Commercial hedge fund data are likely to overestimate the true performance of the universe of hedge funds. The authors suggest that the upward bias in the return data is the result of databases missing the worst-performing funds because of the voluntary and selective nature of reporting. Some of it is also the result of a delisting bias—not chronicling the poor performance of funds following delisting—because managers have discretion over timing and removal of a fund from a database.
Extending the current research on selection bias inherent in commercial hedge fund databases, the authors investigate the direction and size of the bias. Using a previously unexplored dataset of funds of hedge funds (FOFs) that have not reported or stopped reporting to commercial databases, they observe a considerable positive selection bias. Funds that report their performance to commercial databases (database funds) significantly outperform, on average, non-reporting funds (non-database funds).
How Is This Research Useful to Practitioners?
One of the problems with current hedge fund literature is the mainstream reliance on commercial databases to evaluate performance. But hedge fund managers can choose not to report to databases, which creates a selection bias. The result is that researchers using self-reported data do not observe the full spectrum of returns.
Drawing on holdings data of FOFs, the authors construct a distinctive set of returns for hedge funds that do not report to a database. They find by using database data that estimates of managerial skill are not representative of the universe of hedge funds and that the estimates have an economically significant positive bias. They report that databases are missing some of the worst funds. Furthermore, they find that the omission from the database of successful funds does not sufficiently offset the poor performance of the worst database funds to overturn the central tenet of their findings.
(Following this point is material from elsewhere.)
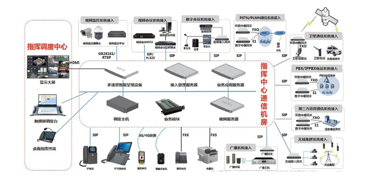 本次建设在指挥中心机房部署调度主机、视频会议主机、监控视频接入网关、语音接入网关、对讲接入网关、调度台等设备,为指挥中心提供音视频多媒体调度、录音录像、GIS调度、APP调度等业务功能的提供基础支撑。

They conclude that if returns of database funds are excluded, the average excess return of hedge funds does not differ strikingly from zero.
With a deeper understanding of the extent that performance data in commercial databases are prone to be skewed by selection biases, investors and policymakers can learn to better use such data to inform capital allocation or comprehend systematic risk. The findings also appear to challenge the notion that a hedge fund delivers truly superior returns for its investors.
How Did the Authors Conduct This Research?
The authors use regulatory filings from FOFs that registered with the U.S. SEC. Since 2004, registered FOFs have been required to disclose their underlying hedge fund holdings on a quarterly basis. Using these data, they create a sample of 10,126 quarterly returns from 1,445 distinct hedge funds for 2004–2009.
By tying these funds to the amalgamation of five major commercial hedge fund databases—Lipper TASS, Hedge Fund Research, BarclayHedge, Morningstar (which incorporates CISDM and MSCI databases), and EurekaHedge—they observe that about one-half of the sample’s returns are not disclosed to any of the five databases. By using returns taken from investors (from the SEC filings) rather than from the hedge funds themselves (from the commercial databases), the authors’ findings present a rare opportunity to compare directly the performance of database funds and non-database funds by using data largely free from selection biases.
By computing risk-adjusted returns using different factor pricing models, they find the alpha of database funds ranges from a statistically significant 72 bps a quarter to 120 bps a quarter. This finding is comparable in magnitude to the 3–5% annual alpha found in prior research of database funds. In contrast, the alpha of non-database funds drops to a statistically insignificant 5 bps a quarter.
To uncover evidence of a delisting bias, the authors identify funds in their sample that have delisted from the commercial databases but continue to operate subsequently for some time; 85% of delisted funds have at least two quarters of returns subsequent to the delisting date. On average, they find returns of delisted funds are −16 bps a quarter, 184 bps a quarter lower than the returns of funds that continue to report to databases. This evidence is indicative of a delisting bias because poor returns of delisted funds are missing from the commercial databases.
The authors should be credited with creating an innovative methodology of using the underlying return data from registered FOFs. This research seems to offer added arguments for industry critics who say hedge funds do not proffer market-beating returns. Because of certain limitations in the dataset used, such as limited date ranges and the unknown size and composition of hedge funds that are both missing from a database and not held by a registered FOF, it is difficult to draw definitive conclusions to resolve this controversy. The findings could arguably be a critique more of the reliance on commercial databases to study hedge fund performance rather than of the performance of the hedge fund industry itself.